In the fall of 1938, the Germans rounded up thousands of Polish Jews who had immigrated to Germany years (in some cases decades) earlier and put them on trains heading for the Polish border. With the government in Warsaw unwilling to take them in, the Germans dumped them in a no-man’s land between the two countries. Learning that his parents were among the Jews then suffering in a condition of statelessness, exposed to the elements, a young Polish Jew named Herschel Grynszpan decided to take his revenge. As he was living in Paris at the time, he brought a gun with him to the German embassy and shot the first German diplomatic official he encountered, Ernst vom Rath.

Thanks to years of propaganda associating Jews with assassination, the government easily fit the act into the well-established narrative of murder as a prime tool of “International Jewry.” The shootings of vom Rath and Gustlaff and others, the Nazis said, were all related. They were all part of a single, on-going conspiracy.

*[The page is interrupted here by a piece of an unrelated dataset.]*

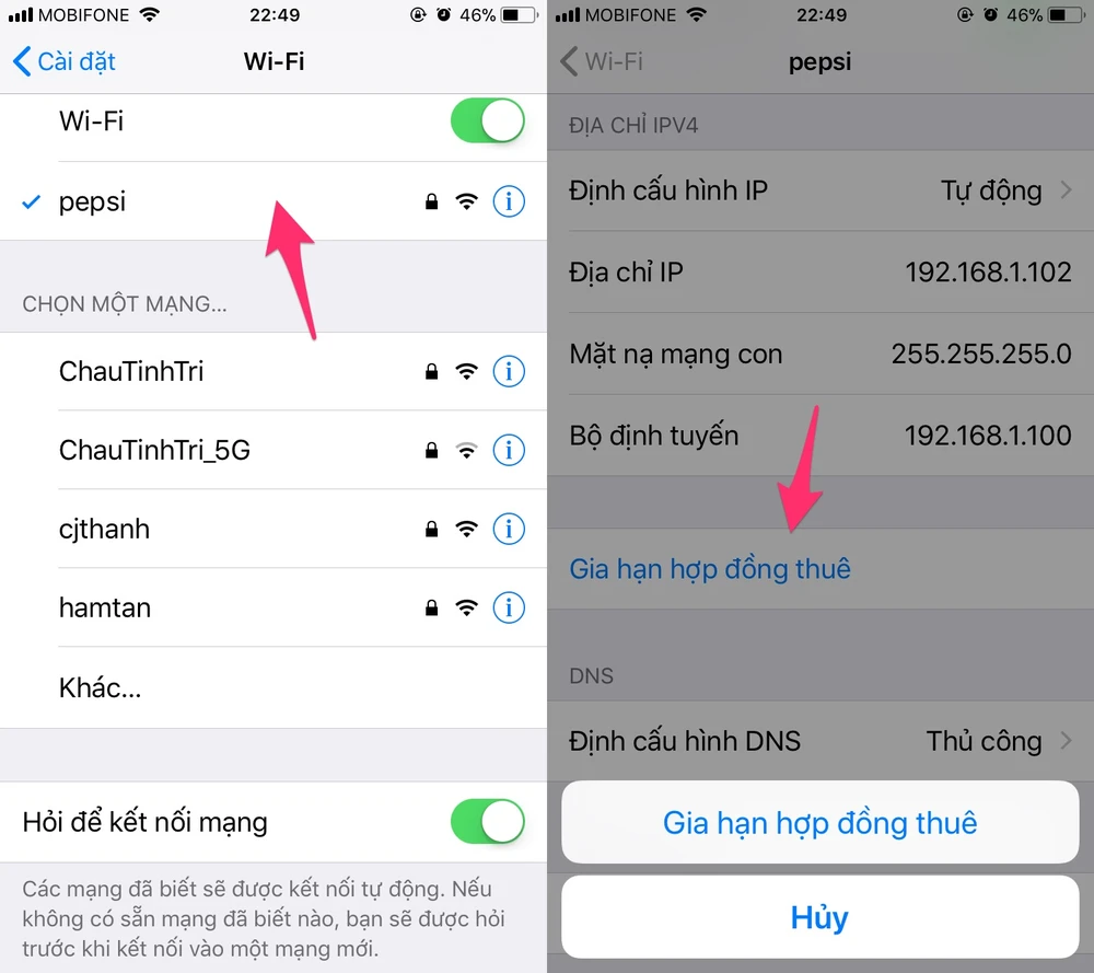 Tắt/bật WiFi là cách đơn giản nhất để khắc phục các lỗi không rõ nguồn gốc. Nếu vấn đề vẫn chưa được khắc phục, bạn hãy truy cập vào phần Settings (cài đặt) > WiFi, bấm vào tên mạng đang gặp sự cố và chọn Renew Lease (gia hạn hợp đồng thuê) > Renew Lease (gia hạn hợp đồng thuê).

And as such, the shooting of vom Rath provided the perfect pretext for an unprecedented act of violence against the Jews of Germany and Austria. On November 9, rampaging bands of Nazi Stormtroopers killed hundreds of Jews, destroyed 267 synagogues, ransacked an untold number of Jewish businesses, and sent more 20,000 Jews to concentration camps. Today we remember the event as Kristallnacht, the most widespread and coordinated episode of anti-Jewish violence in modern German history. And it marked one of the final steps in the removal of the Jews from the German national community—a process made easier by the government’s relentless association of Jews and terrorism.

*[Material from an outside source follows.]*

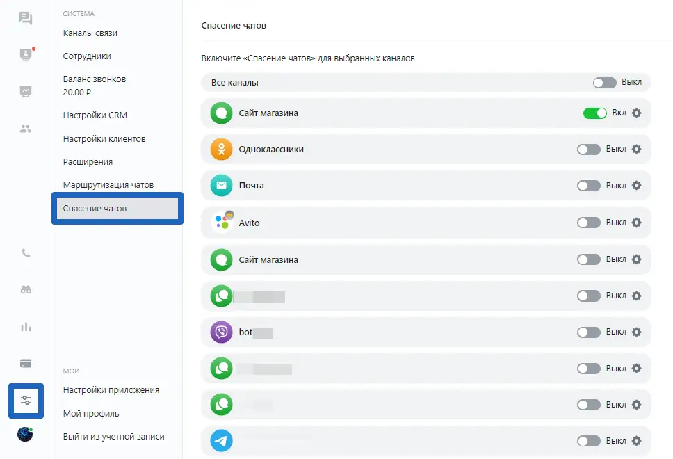 В этом разделе вы можете включить "Спасение чатов" сразу для нескольких каналов связи и быстро перейти в настройки нужного канала.

Donald Trump once said, “Islam hates us.” What kind of message is he sending to his followers? What are they to think of people who “hate us?” More importantly, what are they to do about people who “hate us?” Through his unrelenting association of Islam with terrorism, Trump helps separate out Muslims from those he considers “true Americans.” The portrayal of Muslims as terrorists (and only Muslims as terrorists) stigmatizes a whole group of innocent people.

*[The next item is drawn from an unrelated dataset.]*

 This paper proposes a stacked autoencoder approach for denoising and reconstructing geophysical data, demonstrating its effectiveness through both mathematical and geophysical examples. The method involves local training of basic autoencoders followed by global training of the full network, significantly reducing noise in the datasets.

The more naturally that Americans see Muslims as dangerous, as a fundamental threat to the security of American communities and the nation itself, the more the potential for violence grows. The result may not be a twenty-first-century Kristallnacht. But does it need to be? Many scenarios short of that horrific event are possible and would be enough of a nightmare in their own right. The transition from rhetorical to physical violence is one that has occurred many times in the past. Donald Trump has already set that process in motion and today he took one of his most radical steps yet. How far it goes is up to those around him and those in his party to do more than express mild disapproval. And it’s up to the rest of us to keep Muslims and others demonized by the current regime comfortably within the boundaries of our moral universe.